One of the film’s posters, depicting a reclining Dakota Johnson, asked a simple question: “Curious?” And, I’ll admit, I was. Until Fifty Shades of Grey was optioned by Focus Features, it was destined to live in my memory as a series of novels that gave rise to a million breathless TV spots where embarrassed journalists uttered the words “mommy porn” and pretended such things were beneath their Kindle. It was an awful display, so many major media outlets rushing to condemn the very thought of women—gasp—having an interest in something beyond vanilla sex or objectification, but now we’ve got this movie and the promise of two more, all of which feed back into this negative, patriarchal portrayal of women as weak-willed naifs without one wit of the Twilight Saga‘s camp or batshit lunacy. When Christian Grey is involved, Fifty Shades of Grey is so male gaze-y that it’s hard to believe that women directed, wrote, adapted, produced, and edited the film. As a malevolent presence (that has been mocked in remixes of the film’s other semi-iconic poster), Grey is omnipresent. If he’s not shaming Anastasia for being a virgin or not immediately being into the idea of butt plugs, he is dropping everything at his job of being the CEO of a vaguely-defined multinational corporate entity so he can fly to Arizona to break up a much-needed conversation between Anastasia and her mother, the whole thing playing out like he’s a man out to reclaim a piece of stolen property. When he takes her on a date to go glider flying, it’s to once again remind her of all the great things she’ll be missing out on by not signing the contract and becoming his weekend lover. Not mentioned, however, is the biggest perk of refusal: A decided lack of Christian Grey hovering over you, making even the largest spaces claustrophobic.

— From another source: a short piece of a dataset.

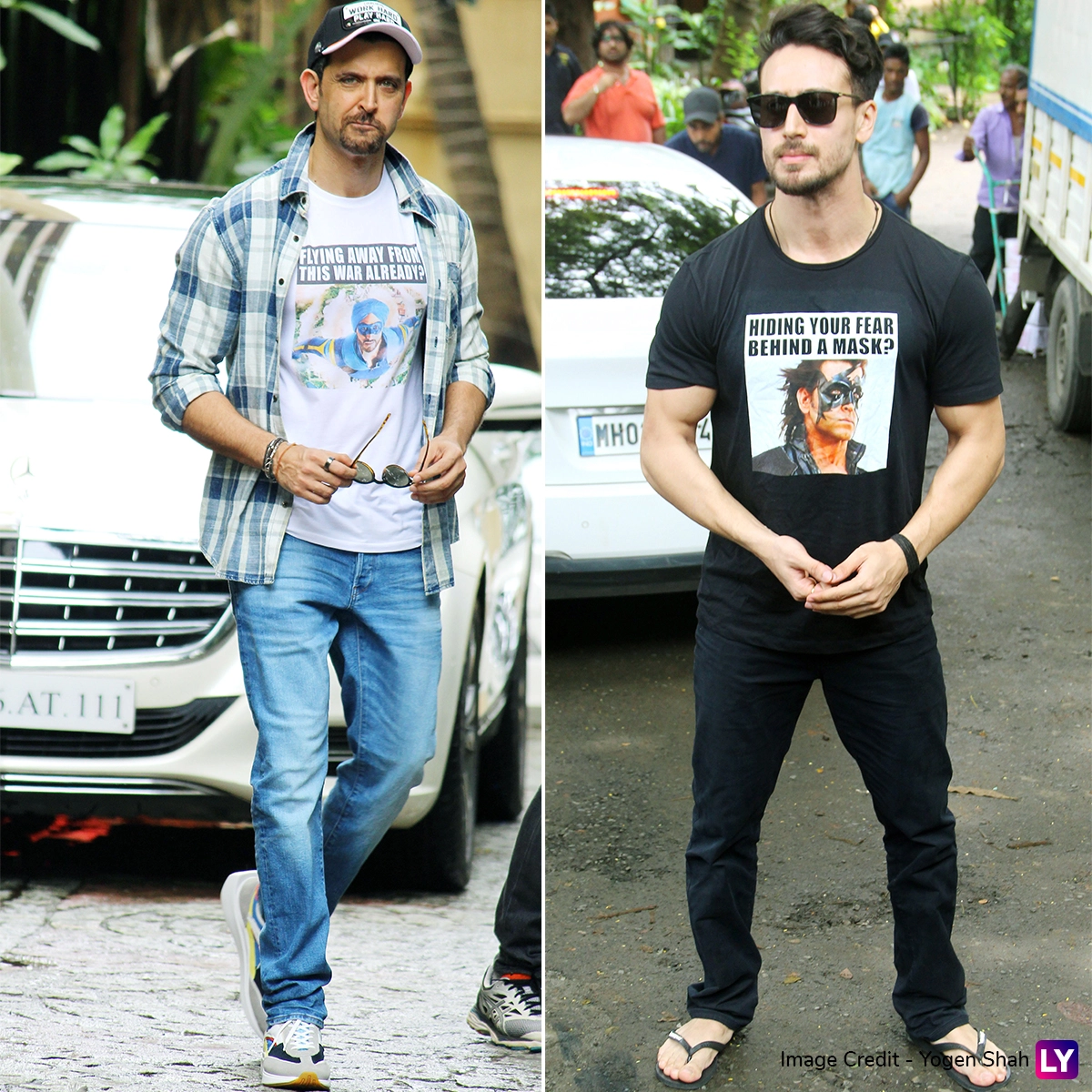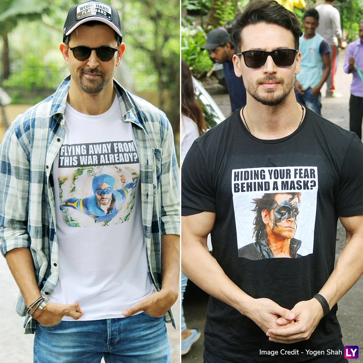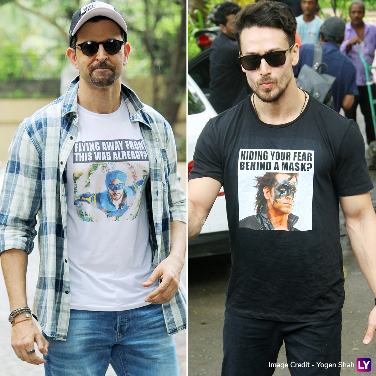Hrithik Roshan and Tiger Shroff are going all out to promote their upcoming action film, War. In the latest, the two actors spotted engaging in (excuse the pun) war with quirky tees as their weapons. In the movie, we will see their characters at loggerheads. Taking the same route for marketing and promotions, Tiger and Hrithik stepped out wearing T-shirts that took a dig at the other person. Firstly, we spotted Tiger wearing a Tee with Krrish's face on it. The caption read, "Hiding your fear behind the mask?" Well, apart from Hrithik's reply to this jibe, this tee also left us waiting, even more, for an update on Krrish 4. Tiger Shroff, Hrithik Roshan’s War Is on Par with ‘Mission Impossible’ and ‘Fast and Furious’ Films, Says Hollywood Action Director (Read Deets).

When Anastasia finally has the gumption to reject Christian (something she does not once, but several times), the moment isn’t so much victory as temporary relief. The outcome of this series being all but a foregone conclusion, however, even that relief is fleeting. I want to believe in a film ecology that has space for mainstream films about sex that are driven by women, but as each of Fifty Shades of Grey‘s 125 minutes passes, it became more and more clear that this was, really, our one shot at such a thing, and no matter how profitable it ends up being, we’ve rather spectacularly blown it. If my curiosity dictated that I wanted to see something where women are humorlessly, horrifically tortured psychologically for the sake of a man’s pleasure, I could have chosen almost anything else. Hell, some of them would have at least been films.
Fifty Shades of Grey. With Dakota Johnson (Anastasia Steele), Jamie Dornan (Christian Grey), Eloise Mumford (Kate), Jennifer Ehle (Carla Wilks), and Marcia Gay Harden (Grace). Directed by Sam Taylor-Johnson from a screenplay by Kelly Marcel, adapted from the novel Fifty Shades of Grey, by E.L. James.